Research into the involvement of mirror neurons in ASD can help determine symptoms that may not be as obvious during an autism diagnosis. Autism is overwhelmingly underdiagnosed in women, despite having a similar prevalence of autism in both sexes [26]. For every four males, only one woman gets diagnosed. Researchers hypothesize that this is due to females’ ability for camouflaging autism symptoms. This camouflage ability is how well an individual can mask symptoms by observing others’ behavior and copying them. Because the diagnostic criteria are sufficiently biased toward men, a lot of women go undiagnosed well into their adult years. Autistic men are more likely to show a lack of empathy and the desire and intent to form friendships with others. On the contrary, autistic women are more likely to have a higher level of social motivation and mimic facial expressions. This is possibly due to social expectations and reinforcements that are more influential for women than men. Another reason could be genetic differences that improve women’s ability to camouflage traditional autistic behavior [27]. For example, some autistic women perform an overwhelming amount of eye contact rather than a decreased level because of societal pressure. In an attempt to fit into norms, some autistic women may overcompensate. Future mirror neuron and ASD research may help uncover the root cause of underdiagnosed women with ASD. 

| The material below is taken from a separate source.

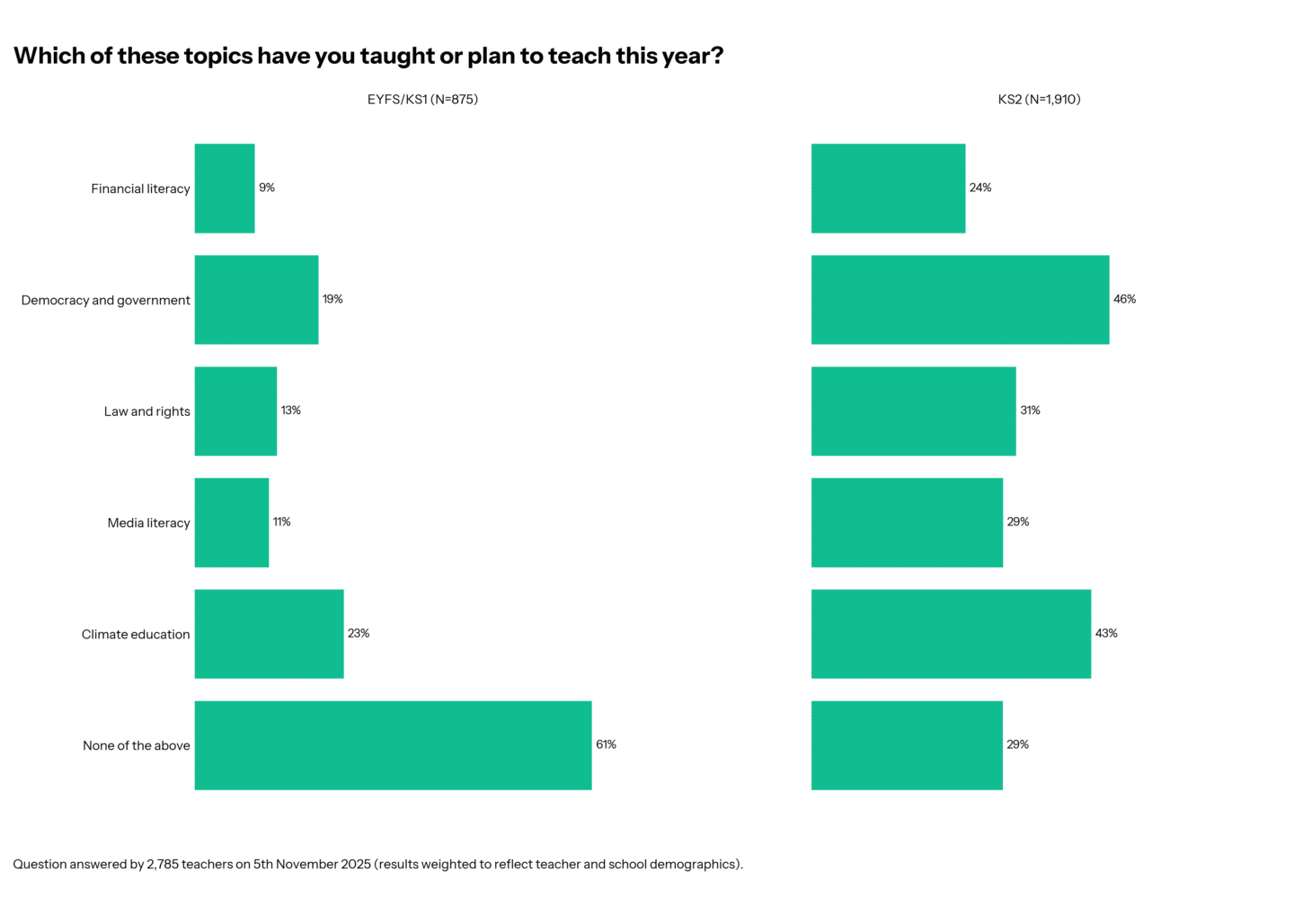 Almost half of KS2 teachers are already teaching democracy and government (46%), and a similar number climate education (43%). In fact, just 29% of KS2 teachers report they weren’t teaching ANY of the topics on the list.

Whether it be contagious yawning or mirrored social behaviors, the MNS is constantly working to anticipate, understand, and perceive the actions and emotions of others, especially those we are most familiar with.

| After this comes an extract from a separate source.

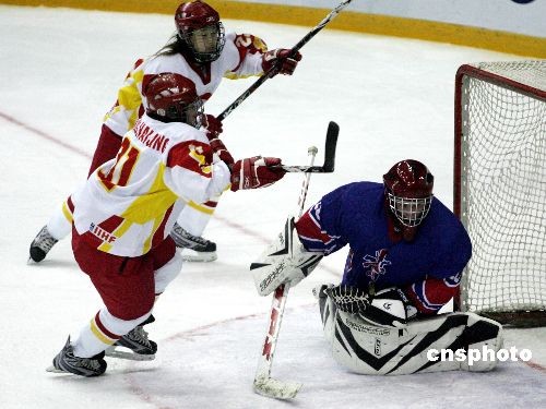 2月24日,第二十四屆世界大學(xué)生冬季運動會女子冰球小組賽最后一輪的比賽在哈爾濱冰球館結(jié)束,在晚間結(jié)束的比賽中,中國隊以8比0大勝英國。這樣中國女冰就以小組第二的身份晉級半決賽,在半決賽中她們將面對小組第三的芬蘭。圖為中國隊(白)破門得分。中新社發(fā) 富田 攝

Social learning is impacted when the MNS experiences deficits. ASD research is currently focused on developing early interventions to improve social learning in autistic children. One example is the Early Start Denver Model (ESDM) [27]. This intervention emphasizes joint play and routines between adults and autistic children. They complete the same activities in a mirroring way, involving everything from vocal and body movement imitation to sharing and turn-taking of an activity. This therapy engages the sensory and motor systems in the mirror-neuron-dense areas of the developing brain [27]. Thus, the child experiences increased social learning to strengthen sociability. 

Another understudied intervention utilizing the function of mirror neurons is Action Observation Treatment (AOT) [28]. This treatment does what its name implies: patients in rehabilitation from neurological issues watch a video of a person doing an action and then replicate it. This utilizes the MNS and helps form pathways in the brain that can lead to an increase in motor function [28]. This can help people post-stroke or those with Parkinson’s who are rehabilitating movement. Although currently understudied, AOT is a prime example of how studying the MNS can lead to better intervention for more people, not just those with Autism. 

While scientists are still reflecting on the role of mirror neurons in ASD and social learning, the MNS is a promising target for not only ASD intervention, but potentially other diseases and disorders where individuals experience social, emotional, or motor deficits such as stroke, ALS, Parkinson’s, Schizophrenia, phantom limb pain, etc. The MNS also serves as a neurobiological basis for empathy, a pillar of the human experience. Mirror neurons remind us that empathy is not solely based on shared experiences, but is rooted in evolutionarily special brain cells whose role is to mentally mirror another individual’s actions or state to promote social bonds, understanding, and compassion.